As soon as the line containing "Composée de deux" appears in the material below, start returning lines exactly, and end with the line containing "Das Haus ist".

_Exercise data_.
════

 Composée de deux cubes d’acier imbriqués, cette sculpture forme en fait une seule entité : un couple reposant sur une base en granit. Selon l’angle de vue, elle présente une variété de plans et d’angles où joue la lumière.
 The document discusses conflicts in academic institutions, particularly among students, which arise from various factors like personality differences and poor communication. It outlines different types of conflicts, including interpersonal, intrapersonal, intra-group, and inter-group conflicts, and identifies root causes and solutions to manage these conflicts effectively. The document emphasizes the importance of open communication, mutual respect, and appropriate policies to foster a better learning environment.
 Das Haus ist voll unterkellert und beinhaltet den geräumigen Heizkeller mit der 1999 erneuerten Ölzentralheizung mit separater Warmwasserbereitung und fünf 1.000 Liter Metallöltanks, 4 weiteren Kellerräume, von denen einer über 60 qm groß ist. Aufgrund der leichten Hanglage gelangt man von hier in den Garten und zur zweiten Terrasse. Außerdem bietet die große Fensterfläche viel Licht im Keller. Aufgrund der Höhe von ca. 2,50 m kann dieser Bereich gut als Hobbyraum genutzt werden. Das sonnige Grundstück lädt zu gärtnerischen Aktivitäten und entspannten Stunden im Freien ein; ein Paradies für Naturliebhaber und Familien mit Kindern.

════

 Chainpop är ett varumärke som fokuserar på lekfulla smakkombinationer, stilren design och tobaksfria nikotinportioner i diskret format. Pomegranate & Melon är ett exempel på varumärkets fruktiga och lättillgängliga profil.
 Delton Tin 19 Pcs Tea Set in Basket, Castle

════

_Answer for this exercise_.
 Composée de deux cubes d’acier imbriqués, cette sculpture forme en fait une seule entité : un couple reposant sur une base en granit. Selon l’angle de vue, elle présente une variété de plans et d’angles où joue la lumière.
 The document discusses conflicts in academic institutions, particularly among students, which arise from various factors like personality differences and poor communication. It outlines different types of conflicts, including interpersonal, intrapersonal, intra-group, and inter-group conflicts, and identifies root causes and solutions to manage these conflicts effectively. The document emphasizes the importance of open communication, mutual respect, and appropriate policies to foster a better learning environment.
 Das Haus ist voll unterkellert und beinhaltet den geräumigen Heizkeller mit der 1999 erneuerten Ölzentralheizung mit separater Warmwasserbereitung und fünf 1.000 Liter Metallöltanks, 4 weiteren Kellerräume, von denen einer über 60 qm groß ist. Aufgrund der leichten Hanglage gelangt man von hier in den Garten und zur zweiten Terrasse. Außerdem bietet die große Fensterfläche viel Licht im Keller. Aufgrund der Höhe von ca. 2,50 m kann dieser Bereich gut als Hobbyraum genutzt werden. Das sonnige Grundstück lädt zu gärtnerischen Aktivitäten und entspannten Stunden im Freien ein; ein Paradies für Naturliebhaber und Familien mit Kindern.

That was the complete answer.